User-Agent: Mozilla/5.0 (Windows; U; Win 9x 4.90; en-US; rv:1.4b) Gecko/20030507 Build Identifier: Mozilla/5.0 (Windows; U; Win 9x 4.90; en-US; rv:1.4b) Gecko/20030507 Composer changes the copyright character from © to © Reproducible: Always Steps to Reproduce: 1. Open a new composer page 2. Switch to HTML Source view and enter "© 2003" in the body 3. switch to Normal and back to HTML Source view, it changed to "© 2003" 4. save the file and validate it at http://validator.w3.org/file-upload.html 5. Observe the errors Actual Results: Composer changes © to © which generates 4 validation errors Expected Results: Composer should not induce errors. Tested only with <!DOCTYPE html PUBLIC "-//W3C//DTD HTML 4.01 Transitional//EN"> and charset=ISO-8859-1
This a regression; can someone pinpoint when this started? -->DOM to Text Conversion
It regressed somewhere between Build 2003040105 and Build 2003041208.
This wouldn't explain a recent regression, but it seems interesting that in htmlparser/src/nsHTMLEntityList.h COPY is one of a handful of entities that are specified in capitals; everything else in the file is in lower case. That seems like it's probably an error, and I wonder if fixing it might fix the bug too? The serializer uses NS_ENTITYCONVERTER_CONTRACTID to output entities, which lives in intl/unicharutil. But the actual entities don't live there (maybe they get them from the parser). Naoki, any ideas if anything changed recently in the entity converter?
Whoops, if I'm going to ask Naoki questions it would help if I cc'ed him. :-)
cc alecf since he changed nsHTMLEntities.cpp in the timeframe
http://lxr.mozilla.org/seamonkey/source/htmlparser/src/nsHTMLEntityList.h#319 319 // Navigator entity extensions; apos is from XML 320 HTML_ENTITY(apos, 39) 321 HTML_ENTITY(AMP, 38) 322 HTML_ENTITY(COPY, 169) So, "apos" is there since it is not in HTML 4 but in XML. Other upper case entities may be there for compatibilites for old clients as the comment mentions.
Comment on attachment 123517 [details] [diff] [review] patch that fixes Composer's output seek reviews for 1.4final alecf--is there some way to avoid this and fix the implementation to find the entities based on insertion order (finding the first item, not the last item) Heikki--if we go with this fix for 1.4final, is there something that might break by changing the order?

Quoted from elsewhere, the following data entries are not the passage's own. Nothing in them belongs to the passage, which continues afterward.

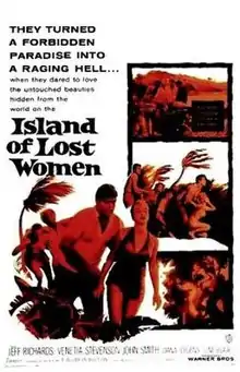 Island of Lost Women is a 1959 American independently made black-and-white castaways melodrama film, produced by George C. Bertholon, Albert J. Cohen, and Alan Ladd, that was directed by Frank Tuttle and released by Warner Bros. Pictures. The film stars Jeff Richards, Venetia Stevenson, John Smith, Alan Napier, Diane Jergens, and June Blair.[1] The film's storyline borrows details from Shakespeare's The Tempest and more contemporaneously the 1956 science fiction film Forbidden Planet.
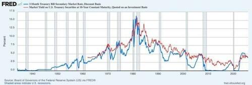 Figure 3. Interest rates on 10-year Treasuries (red) and on 3-month Treasuries (blue), based on data of the Federal Reserve of St. Louis.
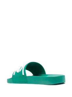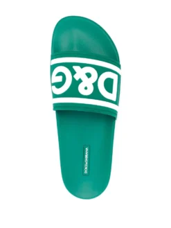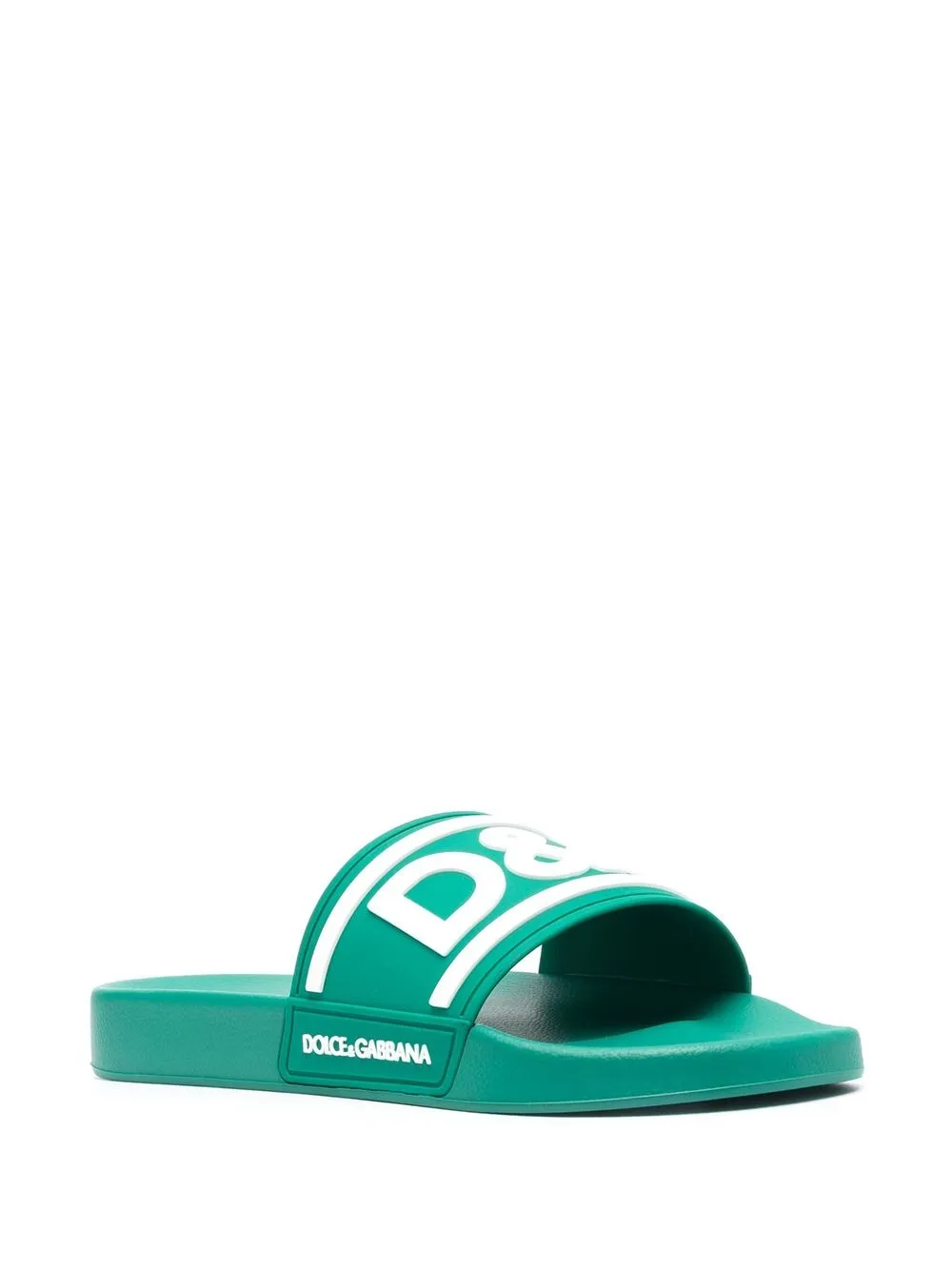 logo-print beach sliders from DOLCE & GABBANA featuring slip-on style, logo print to the front, logo print to the side, open toe, flat rubber sole and sea green/white.

So returning the last match is a new behavior (since it used to return the lowercase one) and the table need to match that? Is the table also used for decoding entites?
IMO, the change should not cause any problem. However, I would like to know when the logic changed ( first-match to last-match ) and why.

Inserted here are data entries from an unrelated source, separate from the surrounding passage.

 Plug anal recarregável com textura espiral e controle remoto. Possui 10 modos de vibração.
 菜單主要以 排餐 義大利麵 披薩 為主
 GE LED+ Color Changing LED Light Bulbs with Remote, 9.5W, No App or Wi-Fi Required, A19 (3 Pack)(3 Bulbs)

Created attachment 123526 [details] [diff] [review] patch that should change the table behavior I haven't tested this yet, but this should revert to preferring earlier entries in the list. This also fixes a few other bugs: * AddRefTable and ReleaseTable didn't work as (implicitly) documented. * The initial capacity given in PL_DHashTableInit was too small -- it failed to account for the alpha bounds, leading to a change of having to do a table resize (I'm not sure whether it happened, since it depends where the size is relative to powers of 2.)
Is there any chance that as part of this fix, someone could check in a comment explaining why we have duplicate entries (except for case), but only for a handful of tags? Are we sure that we don't need mixed-case versions? "Navigator entity extensions: apos is from XML" doesn't explain why that list of tags, but no others, need duplicate entries.
Comment on attachment 123517 [details] [diff] [review] patch that fixes Composer's output obsoleting this patch; but it'd be nice if some form of the comment in this patch were checked in.
Comment on attachment 123526 [details] [diff] [review] patch that should change the table behavior seeking reviews on dbaron's patch
Comment on attachment 123526 [details] [diff] [review] patch that should change the table behavior r=alecf
15 years ago
Comment on attachment 123526 [details] [diff] [review] patch that should change the table behavior seeking to fix this regression for 1.4final (html entities were being grabbed in the wrong order so we were outputting invalid html).
reassign to dbaron since this is his patch
Comment on attachment 123526 [details] [diff] [review] patch that should change the table behavior a=asa (on behalf of drivers) for checkin to 1.4
Comment on attachment 123526 [details] [diff] [review] patch that should change the table behavior - Nit: test if (++gTableRefCnt != 1) instead? - Don't add 1 to PL_DHashTableInit capacity parameters computed by dividing NS_HTML_ENTITY_COUNT by default max-alpha (.75). firstname.lastname@example.org if you fix the second and consider the first. /be
Fix checked in to trunk (with comment added to nsHTMLEntityList.h), 2003-05-20 13:53 -0700.